Zukunft: Alte Werte wieder da. Forscher: Angst vor Armut läßt die Deutschen enger zusammenrücken.

Hamburg. Deutschland rückt zusammen. Immer neue Belastungen durch höhere Steuern, steigende Gesundheitskosten und sinkende Löhne lassen die Menschen aus Angst vor Armut alte Sicherheiten wie Familie, Freunde und Nachbarn wiederentdecken. Diesen Trend sieht der Zukunftsforscher Horst W. Opaschowski für 2006. "In Deutschland hatte der Wohlstand- und Wohlfahrtsstaat viele der Aufgaben übernommen, die früher Familie, Nachbarschaft und Gemeinwesen geleistet hatten. Jetzt, in Zeiten knapper öffentlicher Kassen und gleichzeitig sinkenden Lebensstandards bei großen Teilen der Bevölkerung, deutet sich ein Umdenken an: die Renaissance von Familie, Freunden und Nachbarn. Die Familie wird zum Wohlfahrtsverband und die Gemeinschaft zum sozialen Rückhalt", sagt der Universitätsprofessor und Leiter des BAT-Freizeitforschungsinstitutes Hamburg.

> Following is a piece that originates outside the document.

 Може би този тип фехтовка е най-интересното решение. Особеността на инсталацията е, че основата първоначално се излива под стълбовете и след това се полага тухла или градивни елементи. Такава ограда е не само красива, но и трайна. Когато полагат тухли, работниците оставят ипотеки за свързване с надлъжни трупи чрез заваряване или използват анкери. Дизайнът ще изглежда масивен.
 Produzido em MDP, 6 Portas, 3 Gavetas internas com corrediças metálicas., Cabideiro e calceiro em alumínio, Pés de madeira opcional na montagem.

Opaschowski leitet seine Prognose aus repräsentativen Umfragen seines Instituts ab: 45 Prozent der Befragten erklärten, sie hätten praktische Nachbarschaftshilfe geleistet. 49 Prozent kündigten an, sie würden dies in Zukunft tun wollen. Der Gesellschaftsforscher erinnert an die Geschichte: "Wie in früheren Zeiten kommt es zu einer Neubelebung der Aktivität von informeller Nachbarschaftshilfe bis hin zu kleineren oder größeren Gemeinschaften. Früher gab es Hofgemeinschaften, Dorfgemeinschaften, Talgemeinschaften, Inselgemeinschaften, Zukunftsgemeinschaften und Landgemeinschaften.

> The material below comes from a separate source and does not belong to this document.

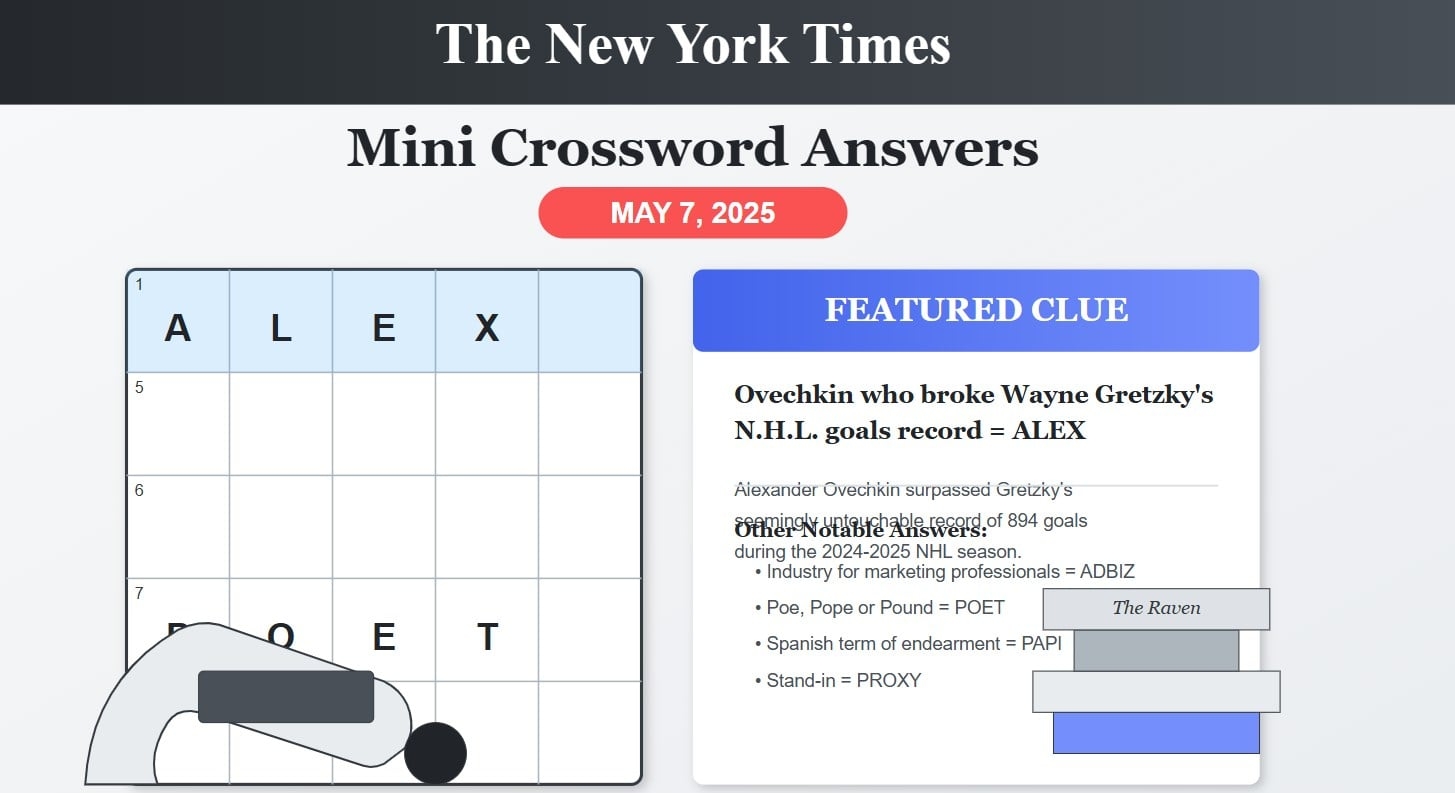 Ovechkin s Record Day NYT Mini Crossword Answers May 7 2025 H2S Media

Selbst für den Fall, daß eine Gemeinschaft einmal wegfiel, standen eine oder mehrere andere Gemeinschaften bereit, bei Bedarf oder in Notsituationen auszuhelfen. Das war eine geradezu notwendige Überlebensstrategie, die Generationen überdauerte und für soziale Stabilität sorgte trotz Pest, Hunger und Krieg." Die Gefährdungen der heutigen Zeit seien Arbeitslosigkeit, Wohlstandsverlust und Armut sowie Krankheit, Pflege und soziale Isolierung im Alter. Immer schneller breiten sich daher laut Opaschowski Hausgemeinschaften, Senioren-WGs und Generationenhäuser aus. Immer mehr Kinderlose suchten sich neue Wahlfamilien und Wahlverwandtschaften.

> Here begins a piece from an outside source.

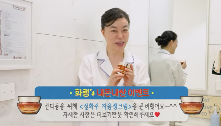 최화정은 60이 넘은 나이에 설화수 앰버서더로 지정되어 너무 비뻐하며 행사 소개와 이벤트 내용도 전합니다.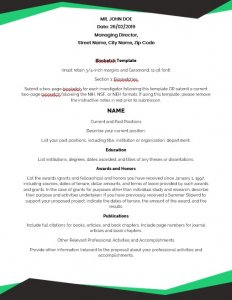 NSF SBIR Biographical Sketch Template Medtech Founder

Opaschowski ringt den Gefahren auch gute Seiten ab: "Wohlstand ist nicht nur materieller Wohlstand." Die Menschen könnten Werte jenseits des Geldes wiederentdecken. Und: "Von Politik und Wirtschaft wollen die Bürger nicht mehr nur hören, was gerade noch geht, sondern klare Antworten auf die Frage bekommen, wohin es geht", sagt er. Die Wähler in Deutschland erwarteten "eine vorausschauende Politik, die in Zeiträumen von Generationen und nicht nur von Legislaturperioden denkt".